Recorded data:
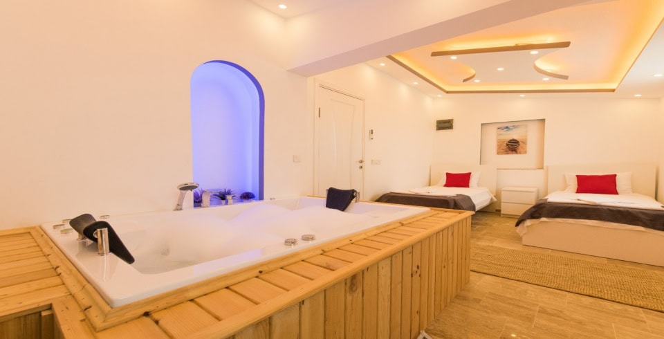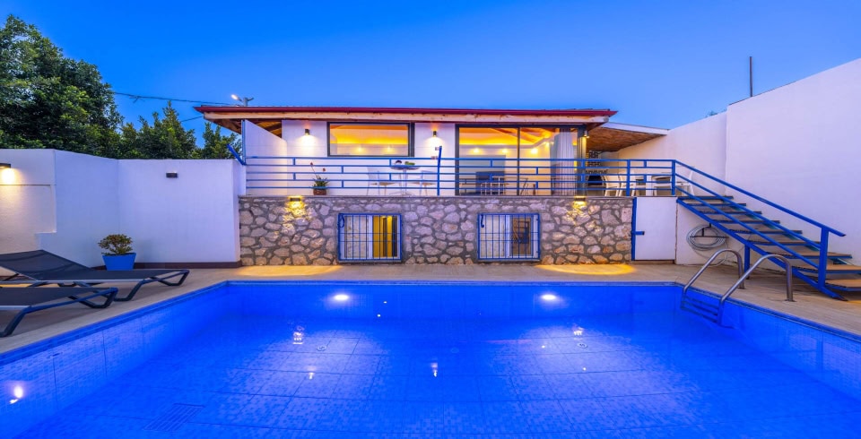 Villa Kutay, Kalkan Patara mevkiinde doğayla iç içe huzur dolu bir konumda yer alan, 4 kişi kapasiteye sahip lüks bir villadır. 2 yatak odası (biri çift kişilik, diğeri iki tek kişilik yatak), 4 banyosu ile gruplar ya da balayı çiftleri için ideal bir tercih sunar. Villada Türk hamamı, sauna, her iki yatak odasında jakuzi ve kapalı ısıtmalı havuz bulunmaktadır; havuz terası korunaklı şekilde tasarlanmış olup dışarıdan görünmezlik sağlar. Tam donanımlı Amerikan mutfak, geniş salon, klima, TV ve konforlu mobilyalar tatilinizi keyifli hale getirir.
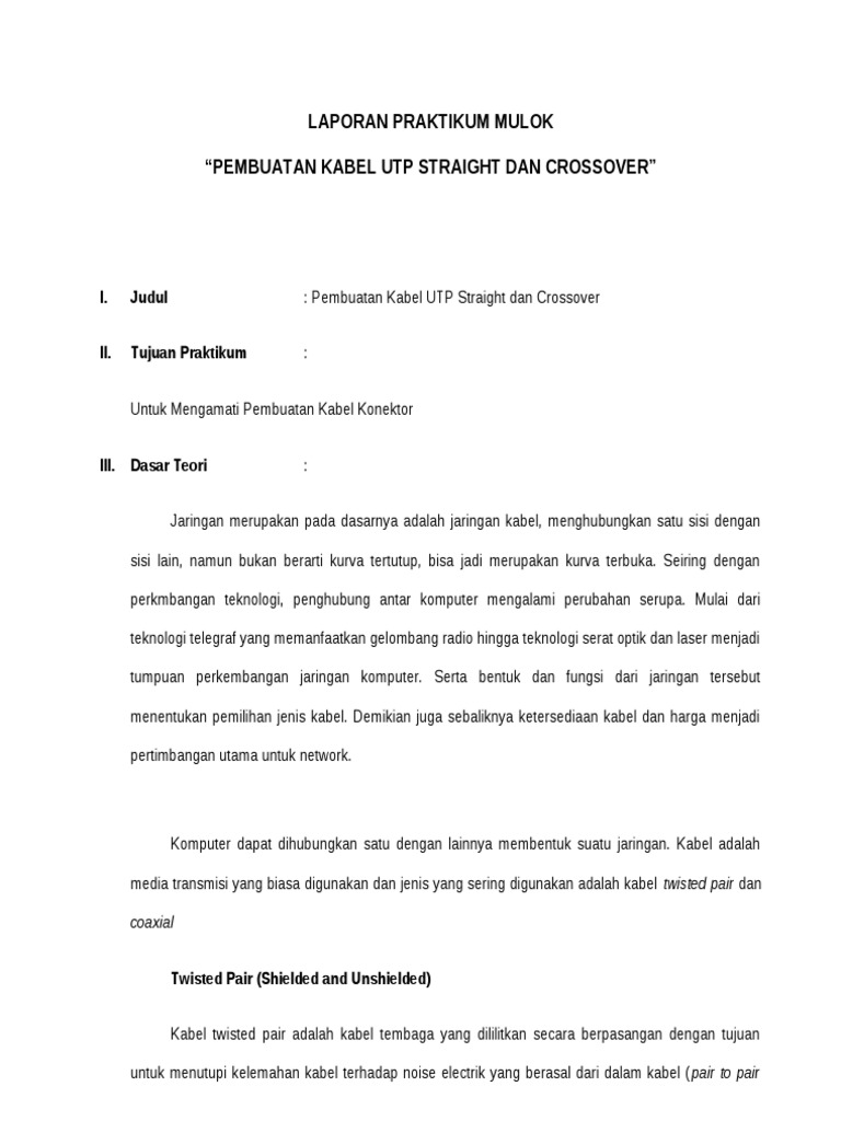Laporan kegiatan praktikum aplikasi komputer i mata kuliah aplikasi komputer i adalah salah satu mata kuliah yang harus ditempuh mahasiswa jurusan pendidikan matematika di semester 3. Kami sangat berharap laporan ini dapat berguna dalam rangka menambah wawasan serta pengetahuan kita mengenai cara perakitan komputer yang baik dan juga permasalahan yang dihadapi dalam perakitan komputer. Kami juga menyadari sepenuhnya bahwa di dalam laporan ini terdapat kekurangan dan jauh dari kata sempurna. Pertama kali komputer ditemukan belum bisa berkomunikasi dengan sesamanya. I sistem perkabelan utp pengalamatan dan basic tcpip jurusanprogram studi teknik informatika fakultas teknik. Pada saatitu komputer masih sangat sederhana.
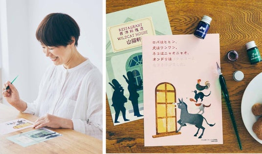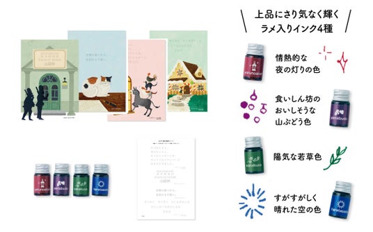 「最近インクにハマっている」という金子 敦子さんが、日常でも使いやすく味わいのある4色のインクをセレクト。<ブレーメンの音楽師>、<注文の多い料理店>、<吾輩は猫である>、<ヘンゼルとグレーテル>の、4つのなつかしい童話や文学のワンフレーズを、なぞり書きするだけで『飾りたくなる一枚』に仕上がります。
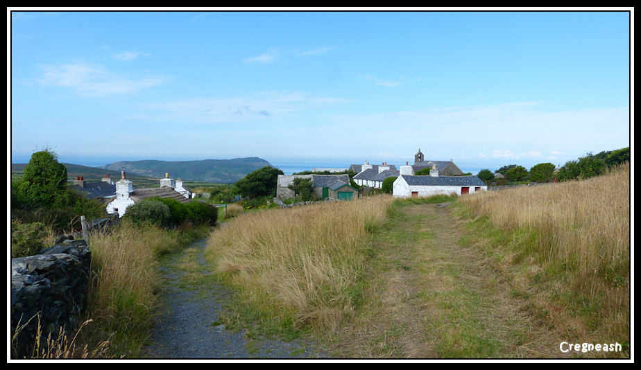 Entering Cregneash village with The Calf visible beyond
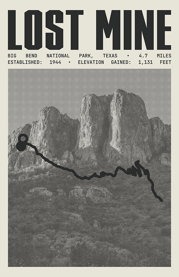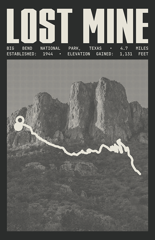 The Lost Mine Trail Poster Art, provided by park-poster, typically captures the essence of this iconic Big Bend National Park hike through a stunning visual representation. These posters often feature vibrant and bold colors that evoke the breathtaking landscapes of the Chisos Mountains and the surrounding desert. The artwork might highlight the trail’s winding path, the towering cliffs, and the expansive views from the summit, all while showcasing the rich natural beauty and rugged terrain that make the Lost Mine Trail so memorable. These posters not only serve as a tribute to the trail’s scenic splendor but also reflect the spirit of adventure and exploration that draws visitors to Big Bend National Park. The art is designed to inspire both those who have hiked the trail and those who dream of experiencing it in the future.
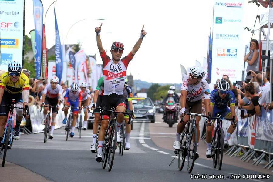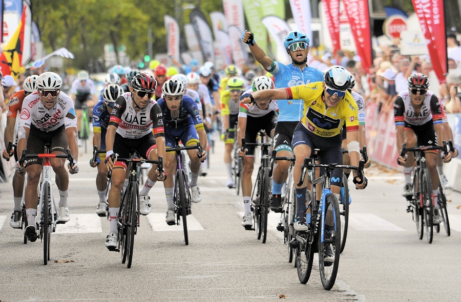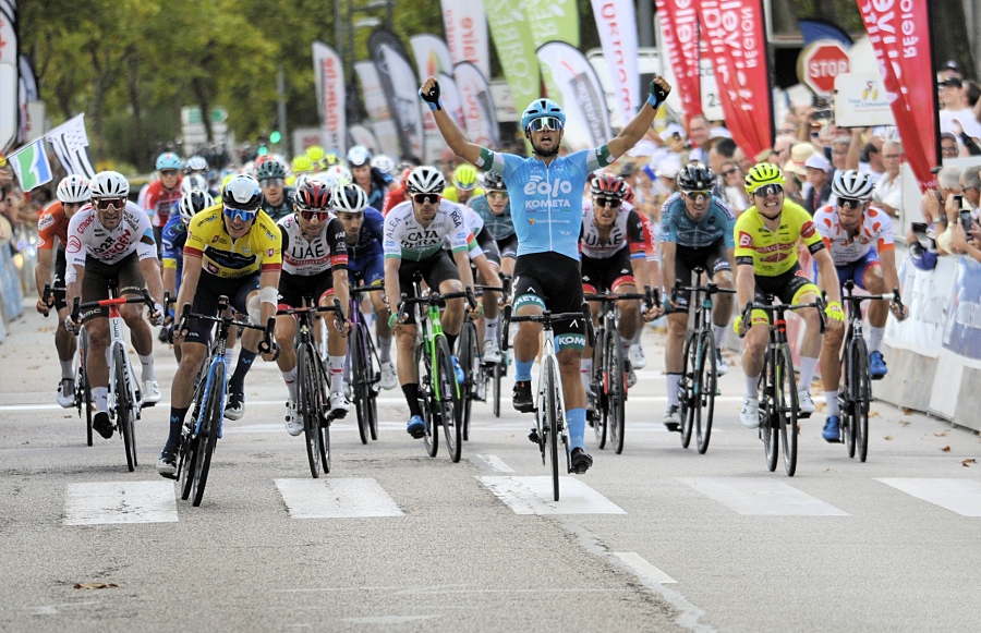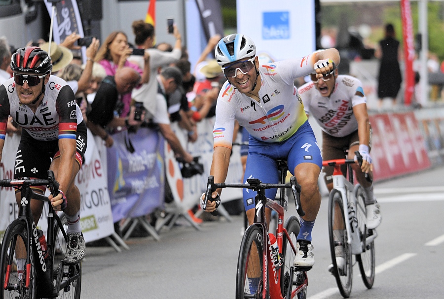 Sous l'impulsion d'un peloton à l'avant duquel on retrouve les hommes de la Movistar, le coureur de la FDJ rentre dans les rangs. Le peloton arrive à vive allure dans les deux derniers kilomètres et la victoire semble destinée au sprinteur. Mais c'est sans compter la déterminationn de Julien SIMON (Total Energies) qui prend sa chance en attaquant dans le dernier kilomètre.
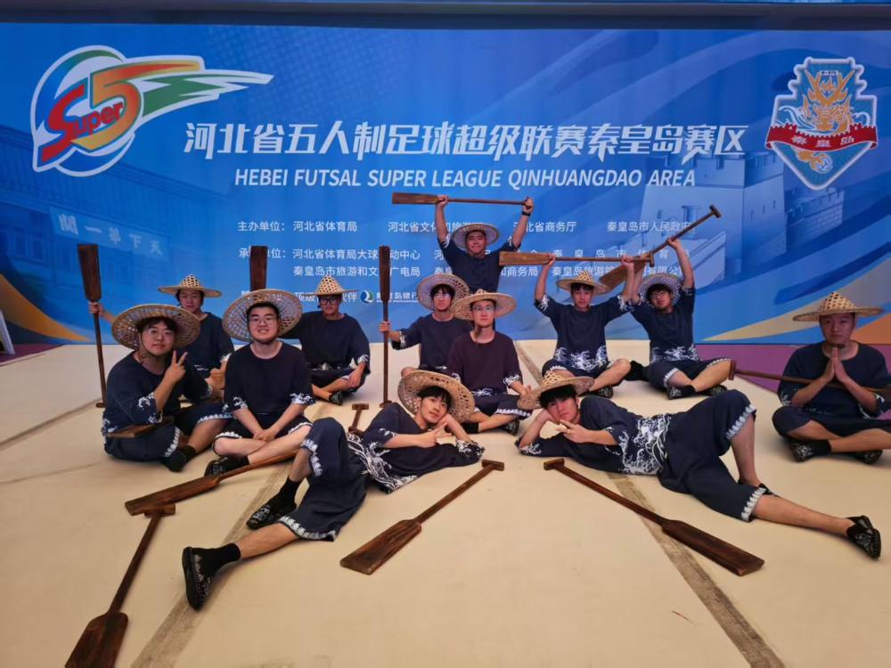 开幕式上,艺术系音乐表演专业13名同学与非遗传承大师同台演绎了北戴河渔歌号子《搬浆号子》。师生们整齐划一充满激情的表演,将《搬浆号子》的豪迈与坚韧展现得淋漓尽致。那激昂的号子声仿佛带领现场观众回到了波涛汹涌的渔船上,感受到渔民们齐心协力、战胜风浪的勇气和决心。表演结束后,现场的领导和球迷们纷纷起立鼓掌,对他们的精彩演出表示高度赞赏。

What you are asked to do
The data must be printed exactly, image-free.

Response to this exercise
 Villa Kutay, Kalkan Patara mevkiinde doğayla iç içe huzur dolu bir konumda yer alan, 4 kişi kapasiteye sahip lüks bir villadır. 2 yatak odası (biri çift kişilik, diğeri iki tek kişilik yatak), 4 banyosu ile gruplar ya da balayı çiftleri için ideal bir tercih sunar. Villada Türk hamamı, sauna, her iki yatak odasında jakuzi ve kapalı ısıtmalı havuz bulunmaktadır; havuz terası korunaklı şekilde tasarlanmış olup dışarıdan görünmezlik sağlar. Tam donanımlı Amerikan mutfak, geniş salon, klima, TV ve konforlu mobilyalar tatilinizi keyifli hale getirir.
Laporan kegiatan praktikum aplikasi komputer i mata kuliah aplikasi komputer i adalah salah satu mata kuliah yang harus ditempuh mahasiswa jurusan pendidikan matematika di semester 3. Kami sangat berharap laporan ini dapat berguna dalam rangka menambah wawasan serta pengetahuan kita mengenai cara perakitan komputer yang baik dan juga permasalahan yang dihadapi dalam perakitan komputer. Kami juga menyadari sepenuhnya bahwa di dalam laporan ini terdapat kekurangan dan jauh dari kata sempurna. Pertama kali komputer ditemukan belum bisa berkomunikasi dengan sesamanya. I sistem perkabelan utp pengalamatan dan basic tcpip jurusanprogram studi teknik informatika fakultas teknik. Pada saatitu komputer masih sangat sederhana.
 「最近インクにハマっている」という金子 敦子さんが、日常でも使いやすく味わいのある4色のインクをセレクト。<ブレーメンの音楽師>、<注文の多い料理店>、<吾輩は猫である>、<ヘンゼルとグレーテル>の、4つのなつかしい童話や文学のワンフレーズを、なぞり書きするだけで『飾りたくなる一枚』に仕上がります。
 Entering Cregneash village with The Calf visible beyond
 The Lost Mine Trail Poster Art, provided by park-poster, typically captures the essence of this iconic Big Bend National Park hike through a stunning visual representation. These posters often feature vibrant and bold colors that evoke the breathtaking landscapes of the Chisos Mountains and the surrounding desert. The artwork might highlight the trail’s winding path, the towering cliffs, and the expansive views from the summit, all while showcasing the rich natural beauty and rugged terrain that make the Lost Mine Trail so memorable. These posters not only serve as a tribute to the trail’s scenic splendor but also reflect the spirit of adventure and exploration that draws visitors to Big Bend National Park. The art is designed to inspire both those who have hiked the trail and those who dream of experiencing it in the future.
 Sous l'impulsion d'un peloton à l'avant duquel on retrouve les hommes de la Movistar, le coureur de la FDJ rentre dans les rangs. Le peloton arrive à vive allure dans les deux derniers kilomètres et la victoire semble destinée au sprinteur. Mais c'est sans compter la déterminationn de Julien SIMON (Total Energies) qui prend sa chance en attaquant dans le dernier kilomètre.
 开幕式上,艺术系音乐表演专业13名同学与非遗传承大师同台演绎了北戴河渔歌号子《搬浆号子》。师生们整齐划一充满激情的表演,将《搬浆号子》的豪迈与坚韧展现得淋漓尽致。那激昂的号子声仿佛带领现场观众回到了波涛汹涌的渔船上,感受到渔民们齐心协力、战胜风浪的勇气和决心。表演结束后,现场的领导和球迷们纷纷起立鼓掌,对他们的精彩演出表示高度赞赏。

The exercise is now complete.